Search code examples
xmlxsltxslt-2.0

XSLT analyze string split part of mixedContent into new element


Text version

XML Source contains a mixedContent-Element named paragraph. Most of the time the content starts with a number in brackets, e.g. (1). The number is always the first (part of a) text node.

XML Target handles this specific number in a seperate element named counter.

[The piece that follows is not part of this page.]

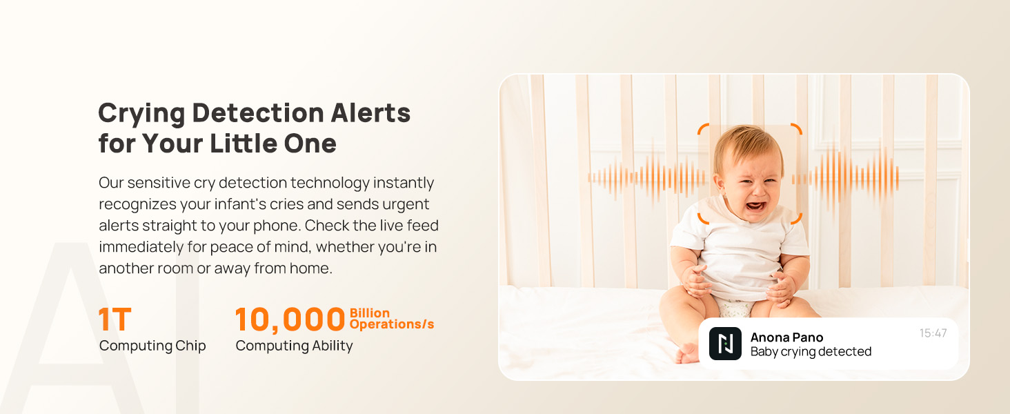 【AI Person/Pet/Crying Detection 】Thanks to the AI algorithms, Anona pet/baby camera is able to detect pets, person, and baby crying. And you will receive a notification from the phone app immediately. Keep track of your loved ones even when you are busy.

How to process paragraph in an efficient way?

Example number masks

(1)
(0...9)
[0...9]
{:digits:}

Example paragraph source

<paragraphs>
    <paragraph>(1) text <try>1</try> <italic>italic</italic> stuff</paragraph>
    <paragraph>[2] text <try>2</try> <italic>italic</italic> stuff</paragraph>
    <paragraph>{123} text <try>3</try> <italic>italic</italic> stuff</paragraph>
    <paragraph>text <try>4</try> <italic>italic</italic> stuff</paragraph>   
</paragraphs>

Example paragraph target

<paragraphs>    
    <frame>
        <counter>(1)</counter>
        <paragraph>text <try>1</try> <italic>italic</italic> stuff</paragraph>
    </frame>
    <frame>
        <counter>[2]</counter>
        <paragraph>text <try>2</try> <italic>italic</italic> stuff</paragraph>
    </frame>
    <frame>
        <counter>{123}</counter>
        <paragraph>text <try>3</try> <italic>italic</italic> stuff</paragraph>
    </frame>
    <frame>
        <paragraph>text <try>4</try> <italic>italic</italic> stuff</paragraph>
    </frame>
 </paragraphs>

not(functional) part

<xsl:template match="paragraph">
    <frame>
        <xsl:analyze-string select="." regex="(^[^\s]+)"><!-- TODO: select digits instead of the first whitespace! -->
            <xsl:matching-substring>
                <xsl:element name="counter">
                    <xsl:value-of select="regex-group(1)" />
                </xsl:element>
            </xsl:matching-substring>
        </xsl:analyze-string>
        <paragraph>
            <xsl:apply-templates/><!-- TODO: everything but not the part of regex-group(1) + whitespace-character -->
        </paragraph>
    </frame>
</xsl:template>

I stopped working on this template because maybe there is a better solution to tackle this problem.

Any help is appreciated.


Solution

  • If you simply need to extract the two parts from the very first child node that is a text node then I think the following does that:

    <xsl:stylesheet xmlns:xsl="http://www.w3.org/1999/XSL/Transform"
        xmlns:xs="http://www.w3.org/2001/XMLSchema" exclude-result-prefixes="xs" version="2.0">
    
        <xsl:param name="counter-pattern" as="xs:string">^(\([0-9+]\)|\[[0-9]+\]|\{[0-9]+\})</xsl:param>
    
        <xsl:template match="@* | node()" mode="#all">
            <xsl:copy>
                <xsl:apply-templates select="@* | node()" mode="#current"/>
            </xsl:copy>
        </xsl:template>
    
        <xsl:template match="paragraph">
            <frame>
                <xsl:apply-templates select="." mode="counter"/>
            </frame>
        </xsl:template>
    
        <xsl:template match="paragraph[node()[1][self::text()[matches(., $counter-pattern)]]]"
            mode="counter">
            <xsl:variable name="components" as="xs:string*">
                <xsl:analyze-string select="node()[1]" regex="{$counter-pattern}">
                    <xsl:matching-substring>
                        <xsl:sequence select="."/>
                    </xsl:matching-substring>
                    <xsl:non-matching-substring>
                        <xsl:sequence select="."/>
                    </xsl:non-matching-substring>
                </xsl:analyze-string>
            </xsl:variable>
            <counter>
                <xsl:value-of select="$components[1]"/>
            </counter>
            <xsl:copy>
                <xsl:value-of select="$components[2]"/>
                <xsl:apply-templates select="node()[position() gt 1]"/>
            </xsl:copy>
        </xsl:template>
    
    </xsl:stylesheet>
    

    You might want to use <xsl:value-of select="replace($components[2], '^\s+', '')"/> instead of <xsl:value-of select="$components[2]"/> if the white space between the counter and the following text is not supposed to show up in the paragraph.

    Take the regular expression as an example, you might need to adapt that to your needs as well.